──────── Extracted data ────────

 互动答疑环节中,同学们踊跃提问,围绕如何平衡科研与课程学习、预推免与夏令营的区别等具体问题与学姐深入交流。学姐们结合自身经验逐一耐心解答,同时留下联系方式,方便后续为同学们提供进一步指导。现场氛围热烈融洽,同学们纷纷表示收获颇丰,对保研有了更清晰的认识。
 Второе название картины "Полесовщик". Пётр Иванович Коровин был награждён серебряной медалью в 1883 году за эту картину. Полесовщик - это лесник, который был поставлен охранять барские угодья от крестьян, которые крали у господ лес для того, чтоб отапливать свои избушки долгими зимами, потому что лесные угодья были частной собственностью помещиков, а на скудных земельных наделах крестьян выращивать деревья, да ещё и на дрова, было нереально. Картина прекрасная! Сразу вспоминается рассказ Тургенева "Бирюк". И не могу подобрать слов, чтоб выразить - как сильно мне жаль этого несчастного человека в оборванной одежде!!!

────────
──────── Extracted data ────────

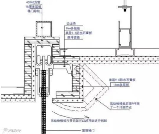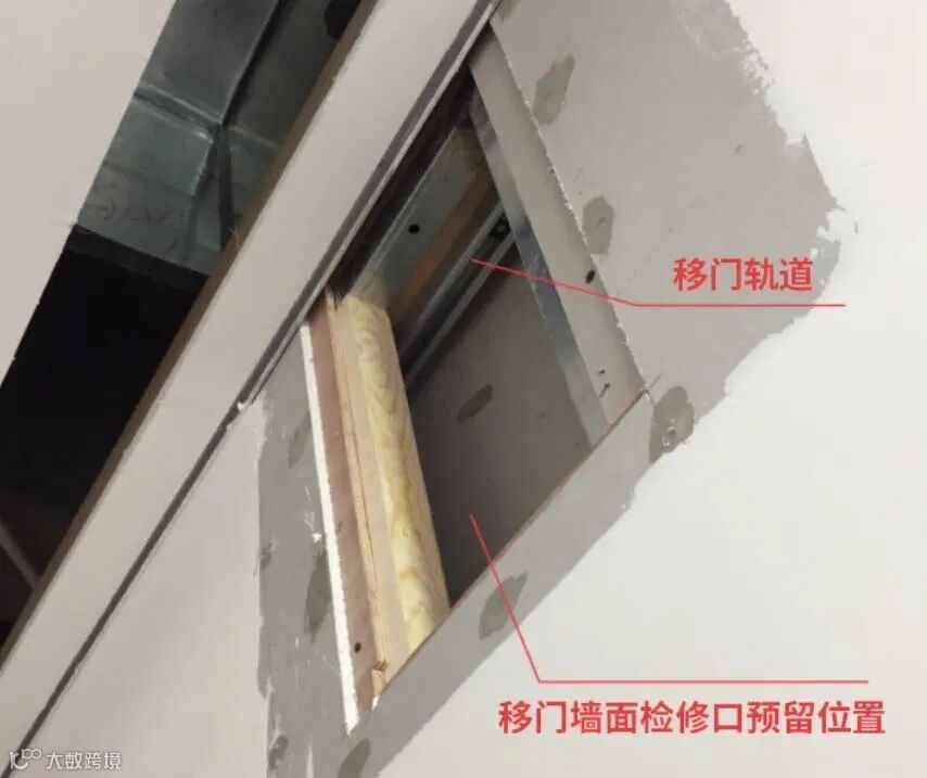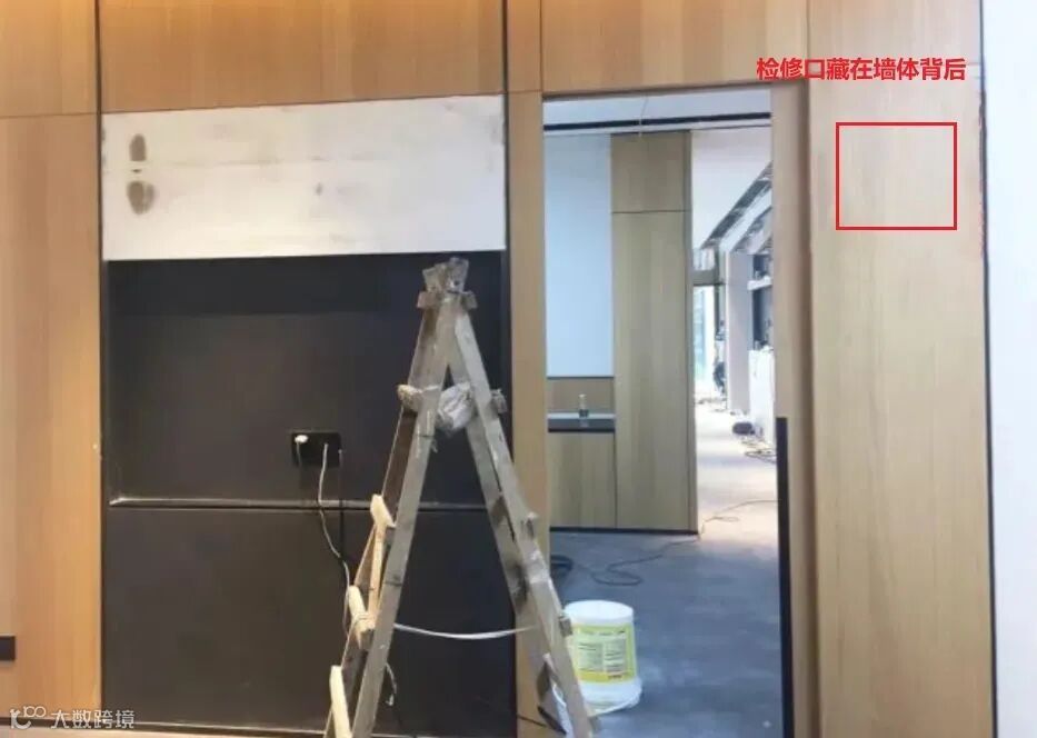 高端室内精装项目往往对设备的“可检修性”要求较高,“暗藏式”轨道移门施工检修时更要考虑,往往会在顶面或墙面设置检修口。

────────

= The problem =
What is asked for is an exact copy of the lines above from the one containing "互动答疑环节中,同学们踊跃提" through the one containing "Второе название картины", and only those.

= Result for this exercise =
 互动答疑环节中,同学们踊跃提问,围绕如何平衡科研与课程学习、预推免与夏令营的区别等具体问题与学姐深入交流。学姐们结合自身经验逐一耐心解答,同时留下联系方式,方便后续为同学们提供进一步指导。现场氛围热烈融洽,同学们纷纷表示收获颇丰,对保研有了更清晰的认识。
 Второе название картины "Полесовщик". Пётр Иванович Коровин был награждён серебряной медалью в 1883 году за эту картину. Полесовщик - это лесник, который был поставлен охранять барские угодья от крестьян, которые крали у господ лес для того, чтоб отапливать свои избушки долгими зимами, потому что лесные угодья были частной собственностью помещиков, а на скудных земельных наделах крестьян выращивать деревья, да ещё и на дрова, было нереально. Картина прекрасная! Сразу вспоминается рассказ Тургенева "Бирюк". И не могу подобрать слов, чтоб выразить - как сильно мне жаль этого несчастного человека в оборванной одежде!!!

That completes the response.